Something to be caught, contained and controlled

just by us.

As if it’s a birthday present,

waiting for us to unwrap it

and keep forever and ever.

And who can blame us,

with pain seeming so powerfully prevalent, and permanent.

If sadness can stay for so long,

why can’t joy?

But maybe it’s elusive

for a reason.

Maybe it’s slippery

in order to help us understand

that it was put here to fly.

Or better yet:

To be flung!

To be passed, not possessed.

To be spread

between you and me,

between the ones who receive its gift

and the ones that have been looking for its treasure

for a very long time.

Maybe it’s a beautiful and elegant contagion,

over which we just might have more control than we think.

If only we share it.

If only we notice that joy is not ours to keep,

but ours to give.

Maybe joy is a gift that opens us

as much as we open to it.

Maybe that’s the way light leaks into our weary world.

Our Spiritual Exercises

It’s one thing to analyze a theme; it’s quite another to experience it. By pulling us out of the space of thinking and into the space of doing, these exercises invite us to figure out not just what we have to say about life, but also what life has to say to us!

Pick the exercise that speaks to you the most. Come to your group ready to share why you picked the exercise you did, where it surprised you and what gift it gave you.

Option A

Your Box of Joy

We all travel roads that turn long and lonely sometimes. We make it through such stretches of loss and struggle only because of the joy we carry with us and within us. It’s like having a box of remembered joy that we can draw from for sustenance and strength. This exercise invites you to think about what you want to put in your “box.”

Make a list or poem of what brings you joy. Fill it with past memories as well as current ones. Take your time with it. Maybe even fill it up over a matter of days. The hard part will be keeping your joy list/poem to a single page!

Click HERE to read how one Soul Matters team member went about it.

Come to your group ready to share what surprised you about what made it into your box and what commonalities your noticed.

Option B

Schedule Your Joy

Our daily calendars are full of work tasks and personal errands. They are dedicated to the things we have to do, not want to do. So why not throw a wrinkle into that and schedule in a daily dose of joy? We’re being literal here: actually sit down at the start of a week and write in a joyful activity on each day of your calendar for that week. Don’t pressure yourself to come up with “big” things. They can be as simple as “Call mom” on Tuesday at 7:30pm or “Walk in the sun” on Thursday at 2pm or “Eat dessert for dinner” on Sunday at 6pm. The key is to do one a day and put them in at a specific time. And to keep yourself accountable to joy, move your “joy appointment” to the next day if you don’t get to it as scheduled. Do not cross it off entirely.
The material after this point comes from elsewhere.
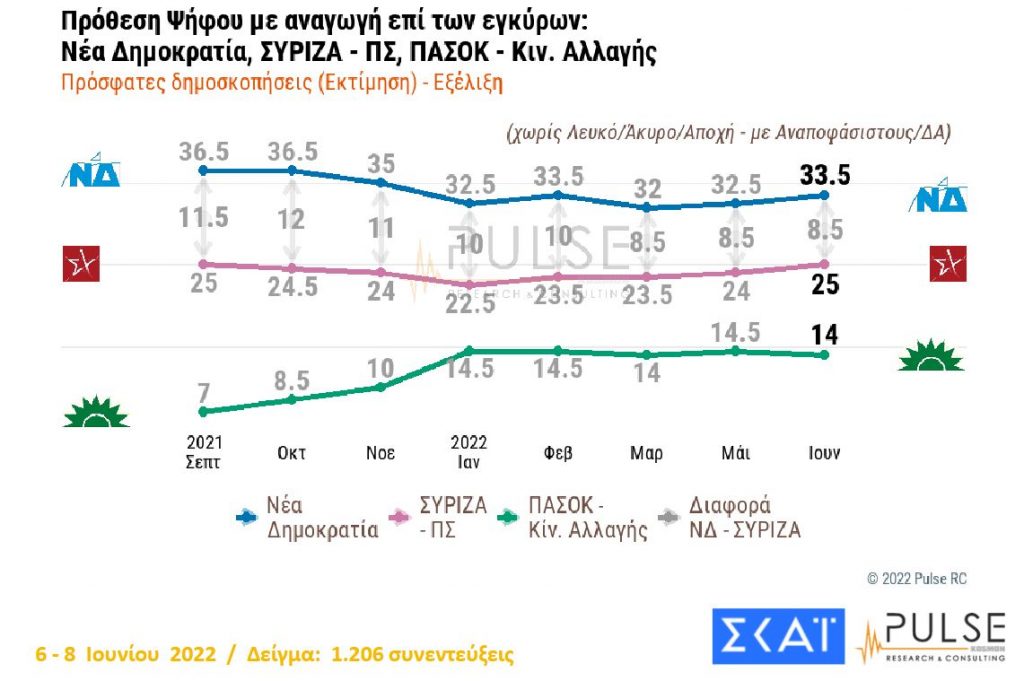 Προβάδισμα 8 μονάδων διατηρεί η Νέα Δημοκρατία επί του ΣΥΡΙΖΑ όσον αφορά στην πρόθεση ψήφου. Αμφότερα τα κόμματα εμφανίζονται να έχουν ανεβάσει κατά μισή ποσοστιαία μονάδα τα ποσοστά τους σε σχέση με την προηγούμενη μέτρηση της Pulse, που παρουσιάστηκε στον ΣΚΑΪ.

Maybe even schedule an entire “joy catch up day” if you need to.

Come to your group ready to share how hard it was to keep this up and how it altered how you felt about the flow of your days.

Option C

Embrace The Ridiculous

This exercise is inspired by a squirrel census. You read that right: a squirrel census. In 2012, a bunch of residents from Atlanta – many strangers to each other before this – organized themselves to count every squirrel that lived in their neighborhood park. They developed a rigorous – even if not scientific – methodology and they all gave countless hours to this effort. Why did they do this? Well, for the ridiculousness of it! They figured out that

being ridiculous and being joyful go hand in hand. Silliness, it turns out, is one of the best ways to disconnect from the seriousness of life that can drain the energy from our days.
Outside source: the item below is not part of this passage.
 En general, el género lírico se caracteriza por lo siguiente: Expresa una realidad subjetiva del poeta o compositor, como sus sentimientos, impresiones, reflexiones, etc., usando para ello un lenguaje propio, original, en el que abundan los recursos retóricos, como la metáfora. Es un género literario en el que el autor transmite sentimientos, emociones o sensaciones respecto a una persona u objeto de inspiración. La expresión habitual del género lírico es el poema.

So, with this as your inspiration, do your own version of a squirrel census! (Maybe enlisting your family or a few friends!) While your ridiculous project can be a census of some kind, it doesn’t have to be. Here’s a list to get your imagination flowing:

  • Buy 12 different types of bar soap and test one a day in your morning shower, carefully ranking each according to scent, cleanliness, and “foam-ability.”
  • See how big of a cookie or pancake you can make.
  • Count up all the places there are for people to sit down along your walk to work or how many types of cereal your grocery store carries.
  • Make a Rube Goldberg Machine in your backyard
  • Instead of throwing away all those container lids, bottle caps and toothpaste tops, save up 2 weeks’ worth and then make a piece of art out of them.
  • Video tape yourself taking on the character that random clothes(start at 4:30) from your closet tell you to.
  • See how many un-rolled toilet paper rolls are in a mile or how many bites it takes to eat an entire container of Ben & Jerry’s ice cream. (Or buy three containers of Ben & Jerry’s cookie dough ice cream and see if all three have the same or wildly different number of cookie dough chunks!)

You get the idea. Come up with a ridiculous project, challenge or counting effort, all for the sake of joy! And come to your group ready to share how exquisite silliness freed you from seriousness.

Option D

Search Your Photos for Joy (and the Many Types of Joy!)
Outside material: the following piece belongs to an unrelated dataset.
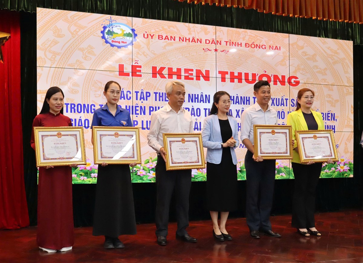 Nhân dịp này, Hội nghị đã công bố và trao Bằng khen của Chủ tịch UBND tỉnh cho 05 tập thể và 12 cá nhân có thành tích xuất sắc trong thực hiện phong trào thi đua xây dựng các mô hình PBGDPL và hòa giải ở cơ sở hiệu quả trên địa bàn tỉnh.

We often underestimate the amount of joy in our lives. So remind yourself by going back through all the photos on your camera or computer from the past year and pick out one for each type of joy you can think of. Besides helping you realize how blessed you are with joy; it will enable you to think more deeply about how you relate to joy. And with a better ability to name different forms of joy, the better you will be able to notice them when they show up in your life.

Come to your group ready to share which new types of joy you discovered!

Option E

The Story of a Joke

Spend some time thinking of your best joke story. Not your best joke. Instead, one of the best stories you have about the role of jokes or a joke in your life. It might be a time when a joke brought needed levity to a sad or tense moment. Or when a great joke came from an unexpected person. Many of us will have stories of practical jokes that testify about how teasing can often be a tender way of saying “I see you” or “I love you.” Or how about a time when a joke went contagious and made everyone gathered laugh uncontrollably, feeding off each other’s joy in an endless loop.

So, what’s your joke story?! Come to your group ready to share it and why it means so much to you.

 

Option F

Ask Them About Joy

One of the best ways to explore our monthly themes is to have conversations about them with people who are close to you. It’s also a great way to deepen our relationships! Below is a list of questions to help you on your way. Be sure to let your conversation partner know in advance that this won’t be a typical conversation. Telling them a bit about Soul Matters will help set the stage.  Remember to also answer the questions yourself as they are meant to support a conversation, not just a time of quizzing them.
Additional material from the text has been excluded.